▶ **Description of the task**:
Please restate the data below word for word, omitting all images.

§ §

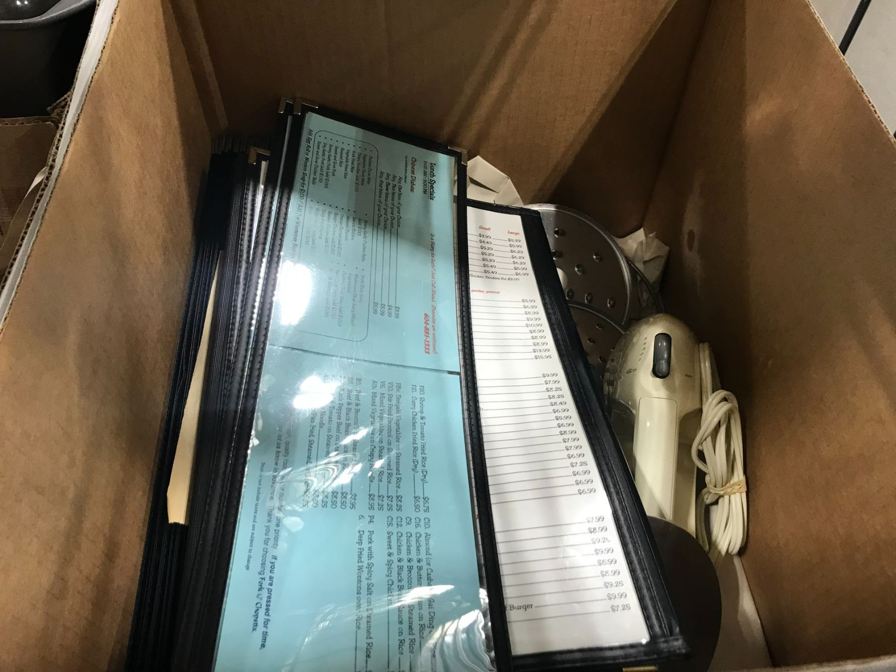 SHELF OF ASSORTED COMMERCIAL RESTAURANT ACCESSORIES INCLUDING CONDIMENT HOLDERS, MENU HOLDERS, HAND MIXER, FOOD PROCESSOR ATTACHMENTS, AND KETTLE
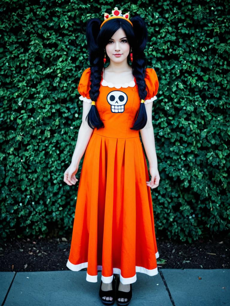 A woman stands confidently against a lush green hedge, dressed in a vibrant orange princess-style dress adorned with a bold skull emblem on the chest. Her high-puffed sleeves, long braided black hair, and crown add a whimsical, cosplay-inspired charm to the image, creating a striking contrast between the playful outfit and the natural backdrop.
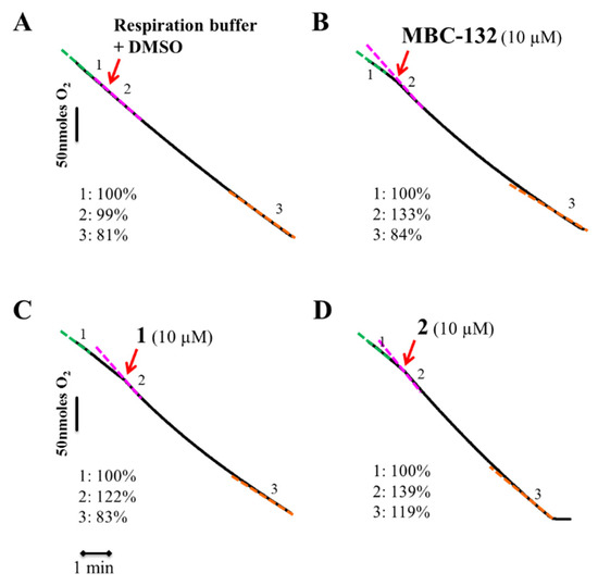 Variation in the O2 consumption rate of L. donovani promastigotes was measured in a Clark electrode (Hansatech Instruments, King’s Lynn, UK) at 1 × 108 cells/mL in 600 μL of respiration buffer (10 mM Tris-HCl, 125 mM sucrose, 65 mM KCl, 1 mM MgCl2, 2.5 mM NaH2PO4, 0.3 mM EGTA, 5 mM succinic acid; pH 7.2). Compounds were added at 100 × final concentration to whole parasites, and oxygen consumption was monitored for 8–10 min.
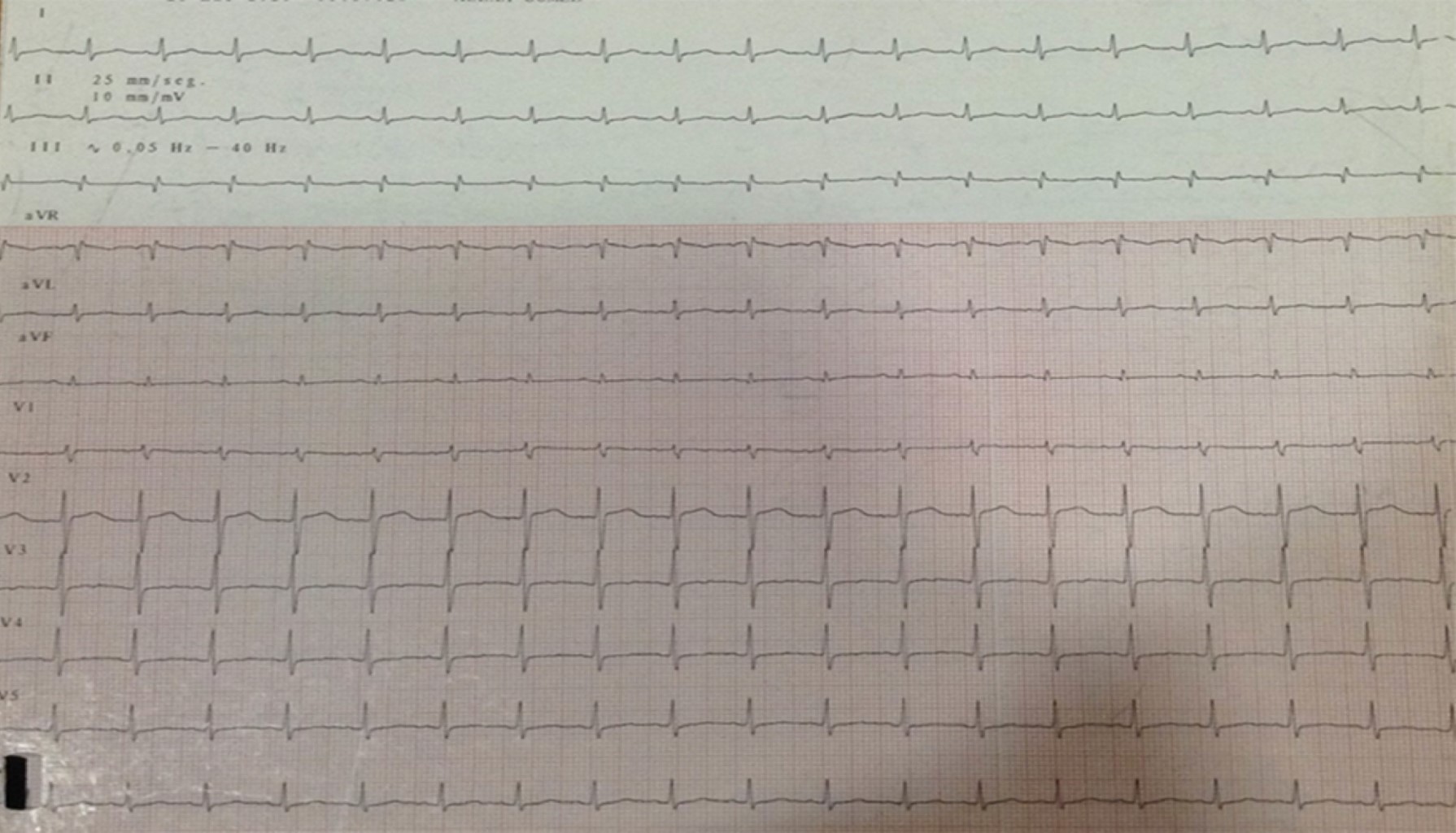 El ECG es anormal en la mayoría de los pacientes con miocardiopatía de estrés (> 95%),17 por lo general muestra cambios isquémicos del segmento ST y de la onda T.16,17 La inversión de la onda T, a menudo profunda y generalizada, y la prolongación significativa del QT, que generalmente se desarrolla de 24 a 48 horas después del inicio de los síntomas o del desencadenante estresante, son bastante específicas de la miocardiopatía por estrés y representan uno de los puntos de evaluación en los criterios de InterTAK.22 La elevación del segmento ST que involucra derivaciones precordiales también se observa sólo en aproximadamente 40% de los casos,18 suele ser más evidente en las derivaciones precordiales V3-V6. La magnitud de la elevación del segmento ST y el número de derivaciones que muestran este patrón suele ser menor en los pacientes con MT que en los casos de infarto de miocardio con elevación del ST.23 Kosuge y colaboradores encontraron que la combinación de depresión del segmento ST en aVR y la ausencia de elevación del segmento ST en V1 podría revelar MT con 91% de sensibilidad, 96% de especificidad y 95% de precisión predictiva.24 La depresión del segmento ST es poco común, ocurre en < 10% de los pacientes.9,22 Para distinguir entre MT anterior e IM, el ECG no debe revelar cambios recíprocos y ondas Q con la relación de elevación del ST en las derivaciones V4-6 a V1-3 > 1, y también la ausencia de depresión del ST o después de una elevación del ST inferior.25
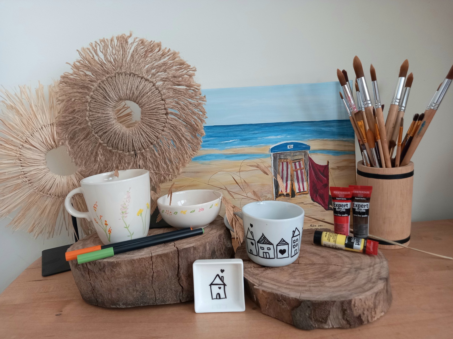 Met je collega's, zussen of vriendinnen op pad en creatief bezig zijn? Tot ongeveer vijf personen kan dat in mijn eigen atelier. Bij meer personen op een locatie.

§ §

▶ **Answer space**:
 SHELF OF ASSORTED COMMERCIAL RESTAURANT ACCESSORIES INCLUDING CONDIMENT HOLDERS, MENU HOLDERS, HAND MIXER, FOOD PROCESSOR ATTACHMENTS, AND KETTLE
 A woman stands confidently against a lush green hedge, dressed in a vibrant orange princess-style dress adorned with a bold skull emblem on the chest. Her high-puffed sleeves, long braided black hair, and crown add a whimsical, cosplay-inspired charm to the image, creating a striking contrast between the playful outfit and the natural backdrop.
 Variation in the O2 consumption rate of L. donovani promastigotes was measured in a Clark electrode (Hansatech Instruments, King’s Lynn, UK) at 1 × 108 cells/mL in 600 μL of respiration buffer (10 mM Tris-HCl, 125 mM sucrose, 65 mM KCl, 1 mM MgCl2, 2.5 mM NaH2PO4, 0.3 mM EGTA, 5 mM succinic acid; pH 7.2). Compounds were added at 100 × final concentration to whole parasites, and oxygen consumption was monitored for 8–10 min.
 El ECG es anormal en la mayoría de los pacientes con miocardiopatía de estrés (> 95%),17 por lo general muestra cambios isquémicos del segmento ST y de la onda T.16,17 La inversión de la onda T, a menudo profunda y generalizada, y la prolongación significativa del QT, que generalmente se desarrolla de 24 a 48 horas después del inicio de los síntomas o del desencadenante estresante, son bastante específicas de la miocardiopatía por estrés y representan uno de los puntos de evaluación en los criterios de InterTAK.22 La elevación del segmento ST que involucra derivaciones precordiales también se observa sólo en aproximadamente 40% de los casos,18 suele ser más evidente en las derivaciones precordiales V3-V6. La magnitud de la elevación del segmento ST y el número de derivaciones que muestran este patrón suele ser menor en los pacientes con MT que en los casos de infarto de miocardio con elevación del ST.23 Kosuge y colaboradores encontraron que la combinación de depresión del segmento ST en aVR y la ausencia de elevación del segmento ST en V1 podría revelar MT con 91% de sensibilidad, 96% de especificidad y 95% de precisión predictiva.24 La depresión del segmento ST es poco común, ocurre en < 10% de los pacientes.9,22 Para distinguir entre MT anterior e IM, el ECG no debe revelar cambios recíprocos y ondas Q con la relación de elevación del ST en las derivaciones V4-6 a V1-3 > 1, y también la ausencia de depresión del ST o después de una elevación del ST inferior.25
 Met je collega's, zussen of vriendinnen op pad en creatief bezig zijn? Tot ongeveer vijf personen kan dat in mijn eigen atelier. Bij meer personen op een locatie.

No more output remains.